Жанр: Зарубежная классика, Зарубежная литература
сообщить о неприемлемом содержимом
Текущая страница: 23 (всего у книги 50 страниц)
18. ПИСЬМО
В совокупности причин, приведших Джорджа обратно в Америку, одна была весьма удручающей. Он истратил все деньги, и ему теперь предстояло зарабатывать на жизнь. Эта проблема причиняла ему немало беспокойства в течение проведенного за границей года. Он не знал, на что годится, разве что к преподаванию, и хотел, если удастся, остаться в Нью-Йорке. Поэтому подал заявление и представил документы в одно из больших учебных заведений города. Было много переписки, несколько друзей хлопотали за него, и незадолго до отплытия в Европу он получил уведомление, что на работу принят. Школа прикладных искусств находилась в центре города, и Джордж, сойдя с судна, снял комнату в одном из небольших отелей поблизости от нее. Потом с приятным сознанием, что наконец «встал на ноги», поехал в Либия-хилл, пока не начались занятия, засвидетельствовать свое почтение тете Мэй и дяде Марку.
Когда после этого краткого визита Джордж вернулся в Нью-Йорк, город показался ему пустынным. Он не видел никого из шакомых, и радость возвращения почти сразу же сменилась старым неотступным чувством бездомности, погони за несуществующим. Это чувство, наверное, знакомо каждому, кто возвращался в Нью-Йорк после долгого отсутствия; оно до того властное и характерное для этого города, что люди испытывают его даже после отъезда на месяц.
И, пожалуй, именно эта особенность делает жизнь в Нью-Йорке такой замечательной и кошмарной. Это приют, в котором как нигде на свете чувствуешь себя бесприютным. Это громадный заезжий дом. Потому-то он такой странный, такой жестокий, такой нежный, такой прекрасный. Нью-йоркцем становишься сразу же, пять минут в нем – словно пять лет, и принадлежит эта многолюдная твердыня не тому, кто умер в среду – о нем, увы, уже забыли, – но тому, кто приехал в город прошлой ночью.

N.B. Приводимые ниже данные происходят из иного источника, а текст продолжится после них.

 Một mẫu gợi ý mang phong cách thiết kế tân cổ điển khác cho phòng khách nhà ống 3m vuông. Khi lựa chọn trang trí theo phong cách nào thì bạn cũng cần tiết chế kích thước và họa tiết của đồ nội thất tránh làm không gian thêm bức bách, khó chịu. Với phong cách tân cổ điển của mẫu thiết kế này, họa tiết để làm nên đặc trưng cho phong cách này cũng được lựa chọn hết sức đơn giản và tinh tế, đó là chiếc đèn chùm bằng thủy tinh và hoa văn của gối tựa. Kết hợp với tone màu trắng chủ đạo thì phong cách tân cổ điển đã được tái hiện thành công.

Это очень жестокий, очень любящий друг. Он многим дает возможность бежать из маленьких городков от нетерпимости и убожества захолустного прозябанья, одаривает их щедростью своей сверкающей, необузданной жизни, теплом убежища, надеждой, захватывающим вдохновением своих бесчисленных перспектив. И тут же предает забвению. Он говорит им: «Я перед вами, я ваш; берите меня, используйте, как угодно; будьте молодыми, гордыми, красивыми в своем юношеском могуществе». И в то же время предупреждает, что здесь они будут ничем, не более чем пылинками; что они могут приезжать, потеть, надрываться, вливать в водоворот городской жизни все свои надежды, горе, боль, радость и страсть, какие только может ведать юность, какие только может вместить в себя отдельная жизнь, и жить здесь, умереть, подвергнуться быстрым похоронам и тут же оказаться забытыми, не оставить даже следа своей ноги на этих людных тротуарах в знак того, что пылающий метеор перестал существовать.

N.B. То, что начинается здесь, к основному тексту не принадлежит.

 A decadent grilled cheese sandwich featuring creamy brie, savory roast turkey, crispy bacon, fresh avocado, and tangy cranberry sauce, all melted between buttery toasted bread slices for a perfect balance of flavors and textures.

Здесь-то и кроются очарование, тайна и чудо этого бессмертного города. Он предлагает все и вместе с тем ничего. Дает приют каждому, кто является величайшим средоточием бесприютности на земле. Привлекает все человеческие капли к полному сокрытию в своих нескончаемых волнах и, однако же, дает каждому перспективу моря.
Все это сразу же вернулось к Джорджу, ужаснуло и очаровало его. Если не считать нескольких небрежных кивков, нескольких слов, произнесенных в полудружеских приветствиях, нескольких знакомых лиц, все было так, словно он и не жил здесь, не провел двух лет своей юности, своей пылкости, необузданности, приверженности в ячейках этого чудовищного медового сота. Его ошеломленный разум восхвалял этот город, и слова отдавались эхом в его ушах: «Я был в отъезде – и вот снова дома».

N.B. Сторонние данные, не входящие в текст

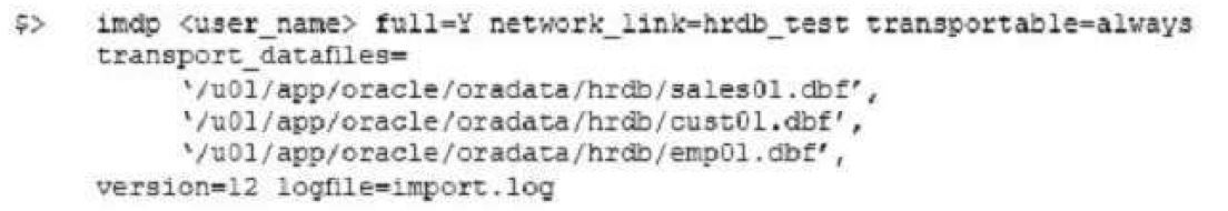 Examine the following impdp command to import a database over the network from a pre-12c Oracle database (source):

В течение двух недель, проведенных в Либия-хилле, Джордж ловил себя на том, что много думает об Эстер – гораздо больше, чем хотел бы себе в этом принаться. Возвратясь в Нью-Йорк, он спросил у портье отеля, нет ли ему письма, и ощутил сокрушительное разочарование, когда услышал, что писем не было. Это чувство, столь ошеломляющее, что целый час он не находил себе места, сменилось жгучим презрением и заносчивостью – естественной реакцией юности на разочарованность, к которой привели романтическая надежда и уязвленная гордость. Он злобно сказал себе, что черт с ним. И усиленно старался смотреть на все произошедшее как можно циничнее: это приключение, говорил он себе, просто-напросто обычная забава богатой женщины с любовником в путешествии, где все шито-крыто. Теперь, возвратясь домой, она снова зажила безупречно респектабельной жизнью с семьей, мужем, друзьями и будет паинькой еще год, пока не отправится в новое путешествие. Там наверняка будут интрижки, распутство, целая череда новых любовников.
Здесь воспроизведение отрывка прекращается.